[Stored items]
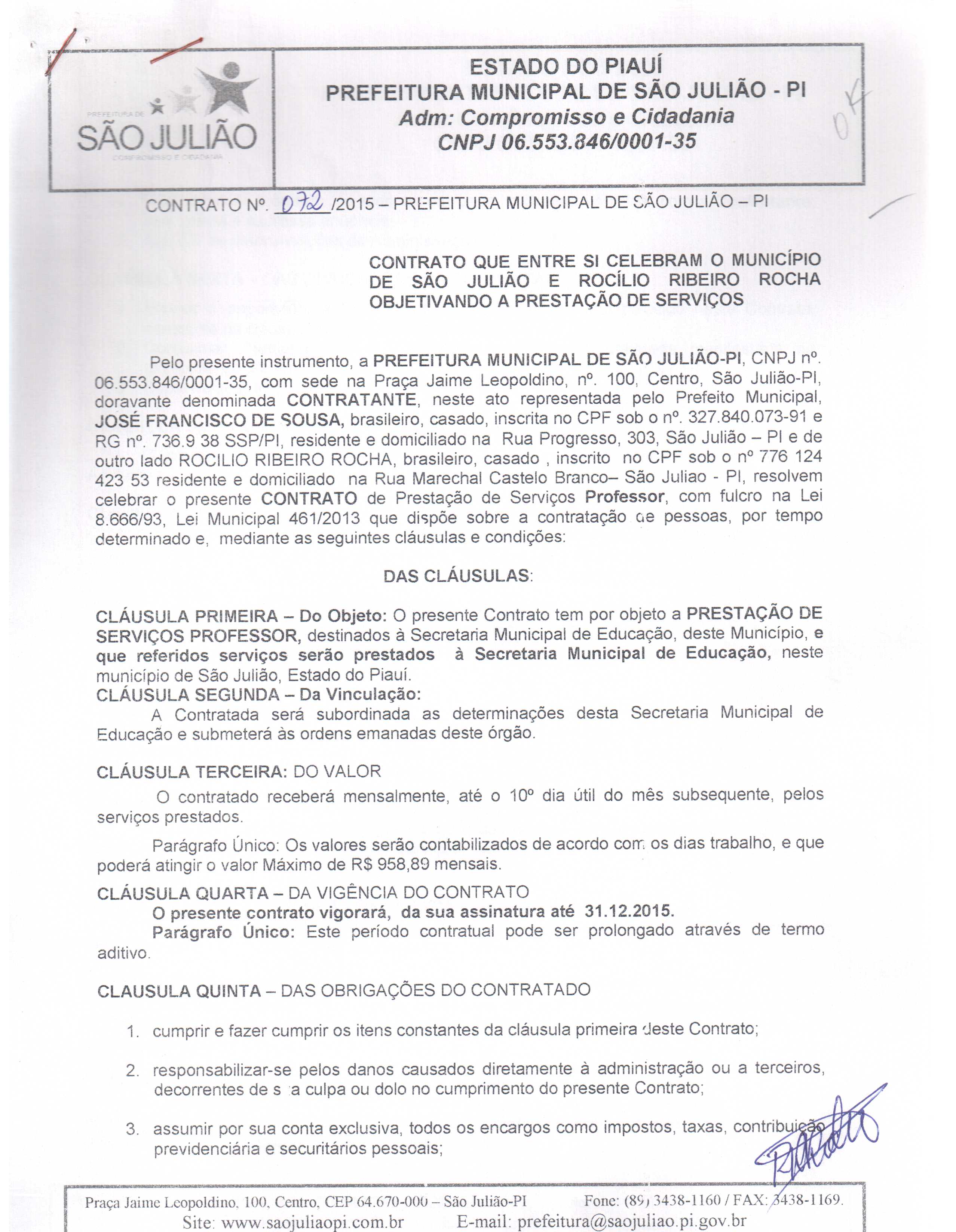 | ROCILIO RIBEIRO ROCHA - SERVIÇOS DE PROFESSOR NA SECRETARIA DE EDUCAÇÃO. |
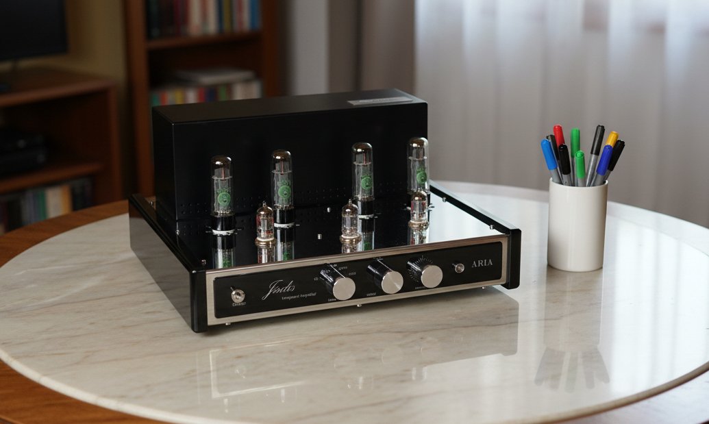 Con 35 W por canal basados en 4 válvulas EL34, acompañadas de 2 ECC83/12AX7 y 1 ECC82/12AU7, el Aria ofrece una entrega sonora que va mucho más allá de los números. La potencia es más que suficiente para mover una gran variedad de altavoces, pero lo verdaderamente destacable es la manera en que entrega la música:
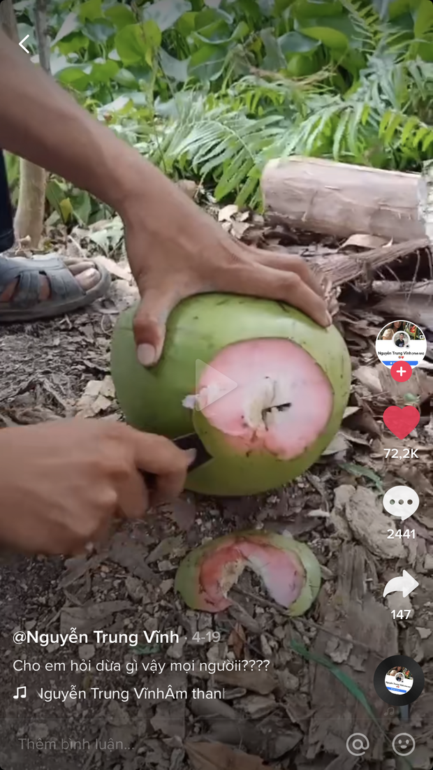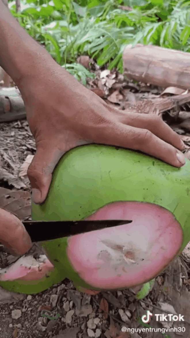 Thế nên phần màu hồng độc đáo của trái dừa này ngay lập tức khiến người dùng TikTok bàn tán xôn xao. Có người cho rằng đây là giống dừa dâu, người lại khẳng định nó là dừa sen.
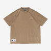 オーガニックコットン天竺を使用し、左胸にコントラストカラーのCACHALOTの刺繍ロゴ、ピグメントダイ加工によるベージュ、ブラックを2色展開したショートスリーブTシャツ。ゆったりした身幅のシルエット。襟ぐりの継ぎ目にはオリジナルテープのパイピング。右前裾にサイズを表示したCETUSの織りネーム付き。
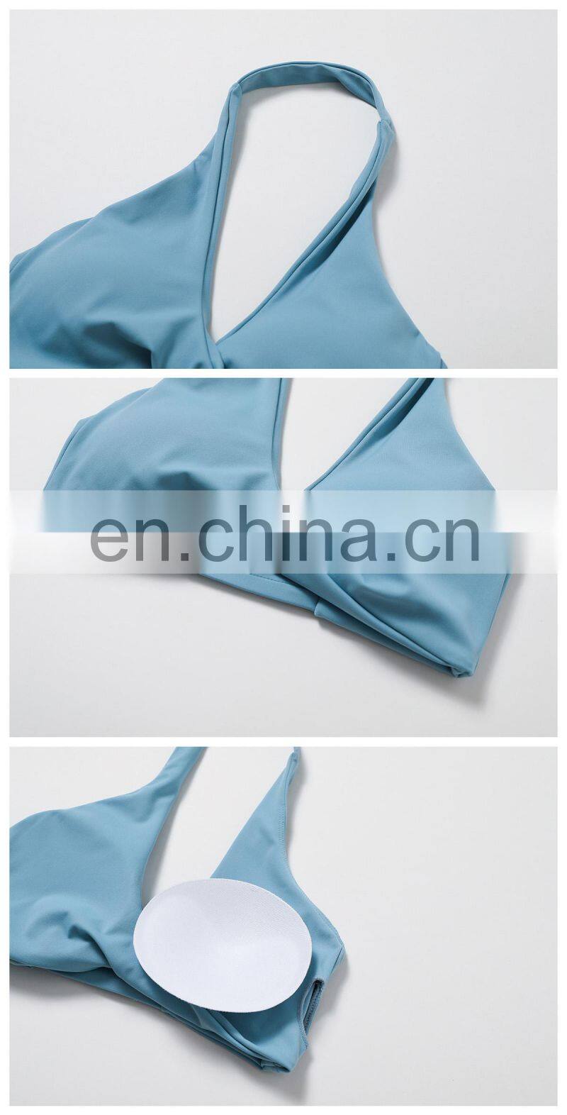 Blank Custom Sexy Backless Open Back Fitness Gym Sports Bra Casual Halter Neck Nude Soft Women Yoga Pilates Wear Fixed Pads Bra
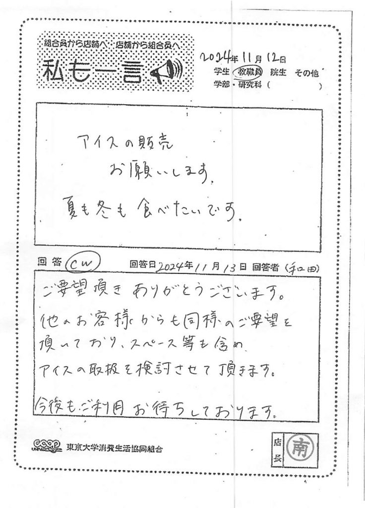 東大生協について
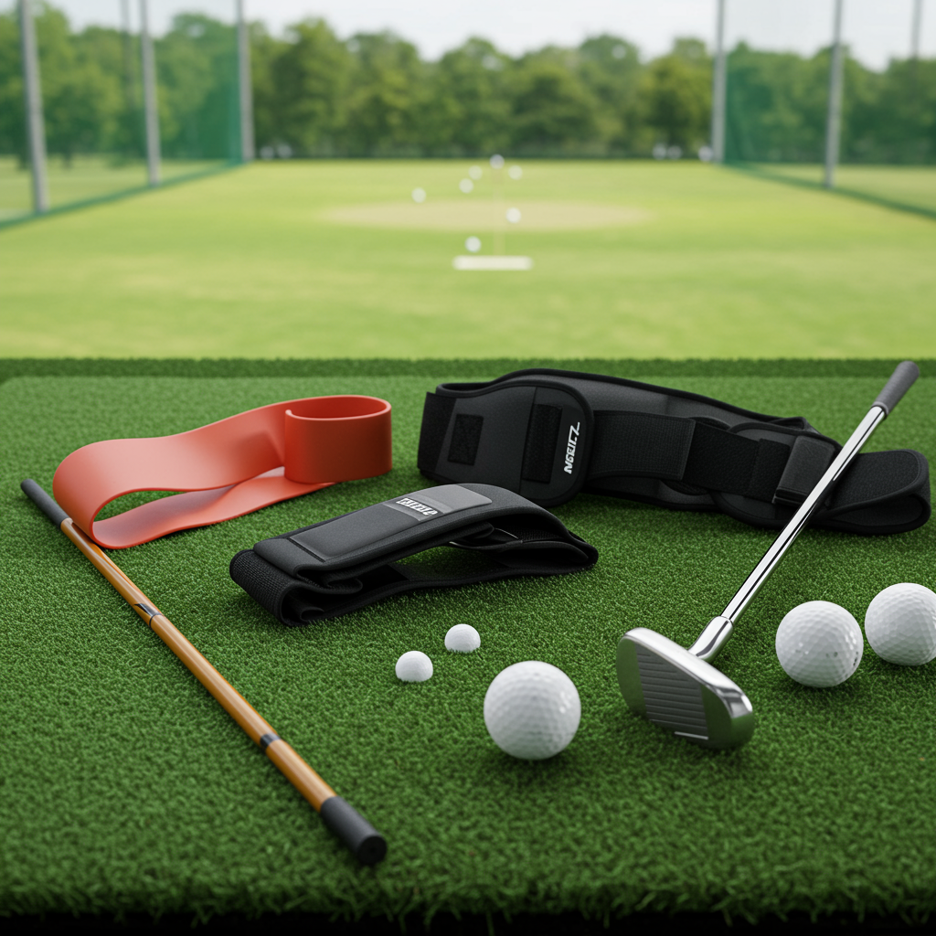 손목 각도를 고정하거나 팔의 위치를 잡아주는 형태의 자세 교정 스틱이나 밴드가 유용합니다. 클럽에 부착하여 손목 꺾임을 느끼게 하거나, 팔에 착용하여 올바른 간격을 유지하도록 돕는 도구들이 있습니다.
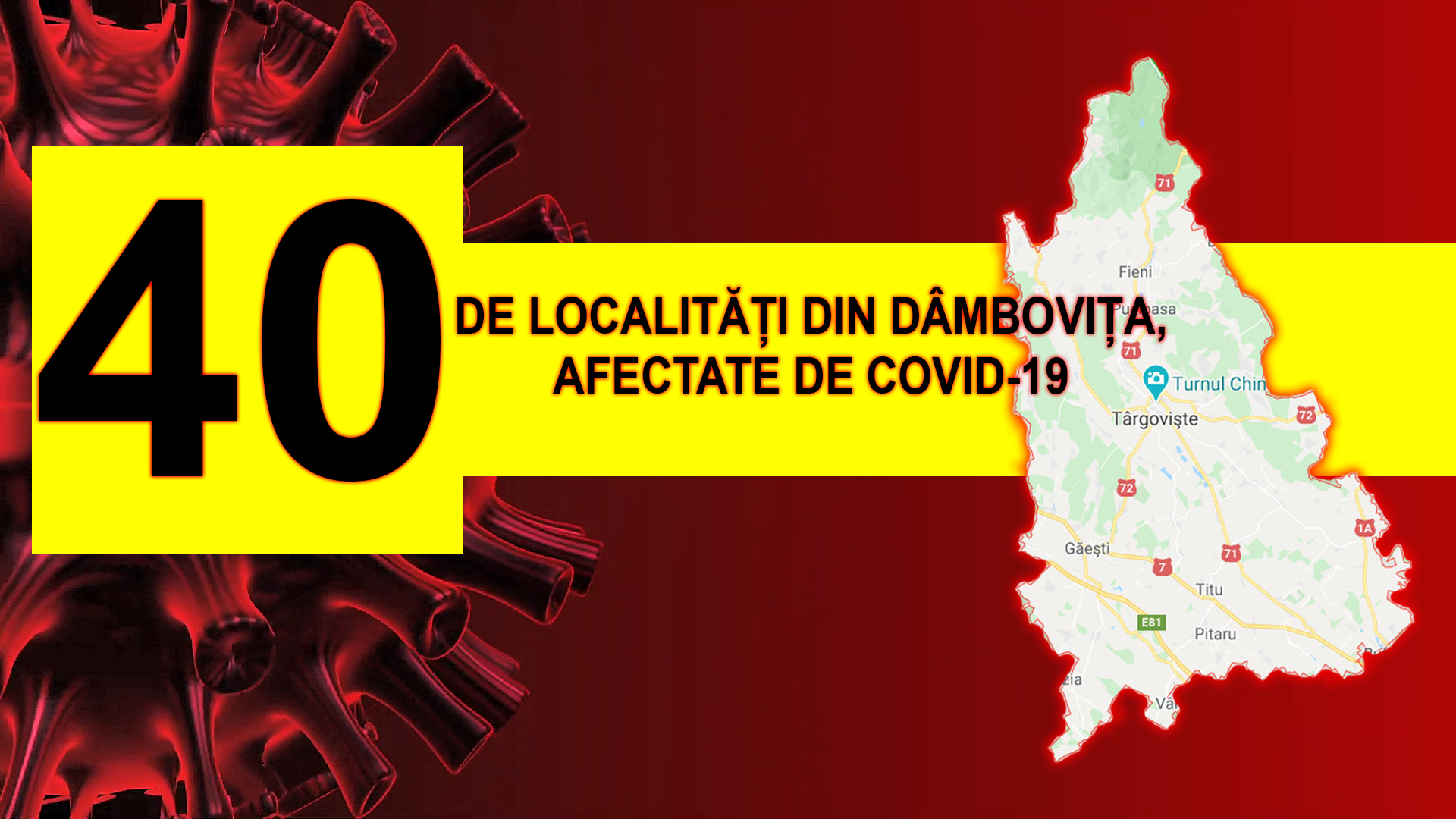 40 de localități dâmbovițene din cele 89 de localități, sunt afectate de inamicul invizibil COVID-19, după ce 231 de dâmbovițeni au fost confirmați pozitiv.
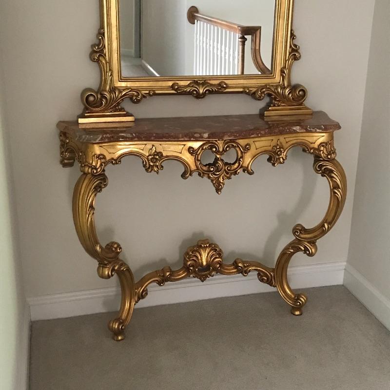 Lot 320 -Table and Mirror, Gold and Marble
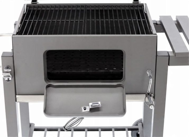 Díky regulaci výšky paliva snadno přizpůsobíte intenzitu žáru a výsuvný popelník urychlí úklid po grilování. Sklopná boční police poskytne místo pro suroviny a koření, zatímco kolečka a postranní madlo usnadní manipulaci. Gril je ideální pro rodinné oslavy i zahradní párty.

■ **Assignment**: Pictures are to be left out; the lines from the start of the records above through the line holding "Con 35 W por" are to be returned exactly.

■ **Task solution**:
 | ROCILIO RIBEIRO ROCHA - SERVIÇOS DE PROFESSOR NA SECRETARIA DE EDUCAÇÃO. |
 Con 35 W por canal basados en 4 válvulas EL34, acompañadas de 2 ECC83/12AX7 y 1 ECC82/12AU7, el Aria ofrece una entrega sonora que va mucho más allá de los números. La potencia es más que suficiente para mover una gran variedad de altavoces, pero lo verdaderamente destacable es la manera en que entrega la música:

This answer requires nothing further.